- The Republican primary elections on Tuesday were widely seen as a referendum on the effects of an endorsement by Donald Trump.
- Strong positive in U.S. Senate primaries. Not so much in races for the GOP nomination for Governor.
- The Republican Party may not be the wholly-owned subsidiary of Trump, Inc. it has been for the past six years; but there is no question that a Trump endorsement for a primary candidate is likely to be a good thing.
- I might have missed it, but looking across the political landscape I could not find an example where a candidate lost because he or she had been endorsed by Trump. Those who did lose, like Madison Cawthorn in North Carolina, lost because they were nuts, bad candidates, or just generally terrible people.
- These are primaries, remember, so the jury is still out on whether a Trump endorsement will help, or hurt, come November when Democrats and independents get to, literally, vote.
- Democrats, who are fully in the grip of the First-Mid-Term effect wherein the party of the President traditionally loses seats – sometimes lots of seats – in the first mid-term election of an administration.
- According to fivethityeight.com, in the 19 mid-terms since World War II, the President’s party has lost House seats in 17. The average loss in the House is 28 seats; four in the U.S. Senate.
- As much as I self-malign on my predictive skills, I cannot see a way, barring some catastrophic event, that Democrats can maintain control of the House.
- The Senate is a much closer call – especially since Trump-supported candidates are doing pretty well.
- Remember the 2010 cycle.

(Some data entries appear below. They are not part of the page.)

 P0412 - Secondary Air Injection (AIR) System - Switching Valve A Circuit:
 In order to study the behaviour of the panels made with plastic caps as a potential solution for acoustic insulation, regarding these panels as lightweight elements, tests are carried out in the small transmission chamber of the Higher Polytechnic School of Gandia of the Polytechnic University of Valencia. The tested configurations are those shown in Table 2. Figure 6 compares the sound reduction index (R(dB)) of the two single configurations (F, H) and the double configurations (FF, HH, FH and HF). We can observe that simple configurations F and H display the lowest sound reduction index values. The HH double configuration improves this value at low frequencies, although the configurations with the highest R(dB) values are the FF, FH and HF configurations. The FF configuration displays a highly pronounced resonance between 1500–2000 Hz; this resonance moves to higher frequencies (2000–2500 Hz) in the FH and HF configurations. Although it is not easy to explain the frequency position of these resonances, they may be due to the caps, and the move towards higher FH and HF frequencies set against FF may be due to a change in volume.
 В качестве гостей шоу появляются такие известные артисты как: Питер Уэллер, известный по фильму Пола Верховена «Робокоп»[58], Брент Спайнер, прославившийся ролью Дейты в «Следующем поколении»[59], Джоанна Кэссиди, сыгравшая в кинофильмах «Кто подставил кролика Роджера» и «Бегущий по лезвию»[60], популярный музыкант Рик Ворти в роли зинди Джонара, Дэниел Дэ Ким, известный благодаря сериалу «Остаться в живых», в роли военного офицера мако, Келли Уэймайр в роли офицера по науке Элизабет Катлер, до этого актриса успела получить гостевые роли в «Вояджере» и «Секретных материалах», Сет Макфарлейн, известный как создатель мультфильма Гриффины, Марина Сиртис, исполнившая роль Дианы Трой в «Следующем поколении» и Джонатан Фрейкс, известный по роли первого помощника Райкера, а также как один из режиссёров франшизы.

The Tea Party was all the rage and the GOP nominated candidates that suited their “Live Free or Die” philosophy, but didn’t appeal to the electorate as a whole.

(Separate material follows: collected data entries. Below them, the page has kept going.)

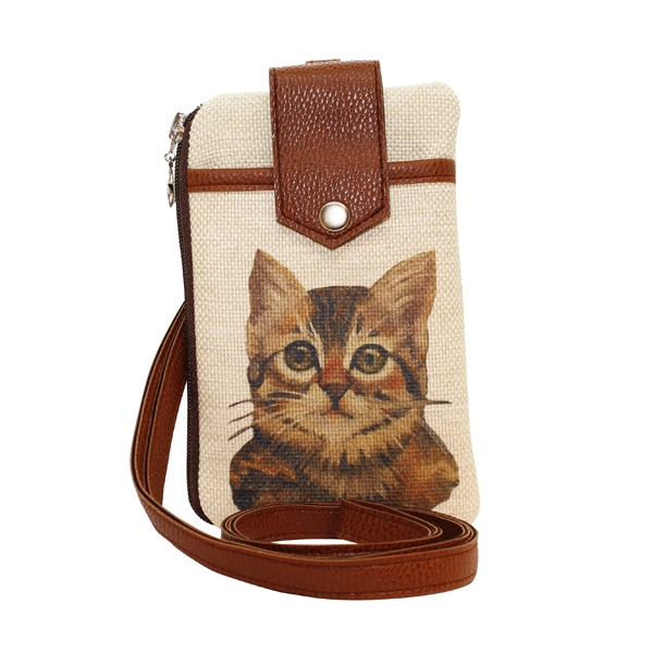 FR1805 Tekir Kedi Baskılı, Deri Aparat, Keten Cep Telefon Çantası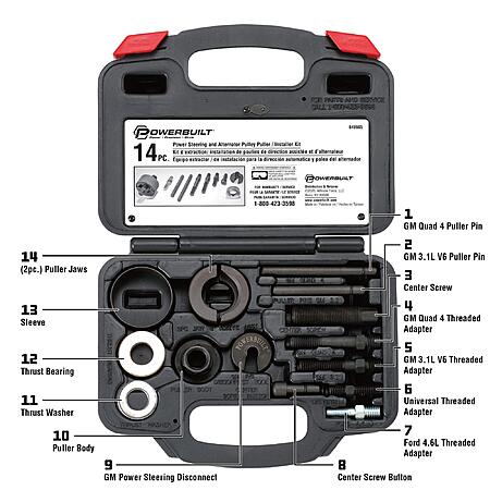 Powerbuilt Power Steering and Alternator Pulley Remove and Install Tool Set, Replace Vehicle Steering Pump, Car Repair Tools, Storage Case 648605. Used - Like New $29.78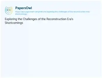 Exploring the Challenges of the Reconstruction Era's Shortcomings. (2024, Mar 01). Retrieved from https://hub.papersowl.com/examples/exploring-the-challenges-of-the-reconstruction-eras-shortcomings/

- In Joe Biden’s Delaware, Christine O’Donnell won the GOP primary for Senate only to have the oppo research dig up an item about O’Donnell and witchcraft. She had to cut a TV spot announcing, “I am not a witch.”
- Too late. 10 points from Hufflepuff. She lost and a seat that was supposed to be a Republican lock went to the Democrats.
- The Biden Administration is doing everything it can to assure the election goes the wrong way. The notion that the baby formula crisis has been allowed to fester to the point that it is daily front page news is mis-, non-, or mal-practice.
- When I worked for Sen. Kay Bailey Hutchison (R-TX), the comms team and I got a weekly report from the constituent folks that told us the biggest delta – the change – in issue emails.
- If an issue like cattle prices was in the top three up or down, we knew it right away, could talk to the in-state staff, and prepare to brief the Senator.
- If cattle prices were enough of an issue to cause the people of Texas to complain to their Senator, we wanted to know about it, so the Senator could apply her considerable talents to the issue.
- When cattle prices dropped in importance, we wanted her to know that, too.
- It wasn’t brain surgery. It was one Senator’s office. The White House has a lot of resources and ought to have had some mechanism to warn that the baby formula shelves at the Safeway were empty.
- In the early days of the COVID-19 pandemic, there was a nationwide toilet paper shortage. There was also a national ventilator shortage. Guess which of those affected more families?
- Getting back to Trump endorsed candidates, even Senate Republican Leader Mitch McConnell (R-KY) is worried. He risked the ire of Trump when he warned that GOP voters have to nominate electable candidates for the Fall campaign.
- There are plenty of issues that will pop to the surface between now and November 8. It is unclear to me that one of them will be Donald Trump’s endorsements.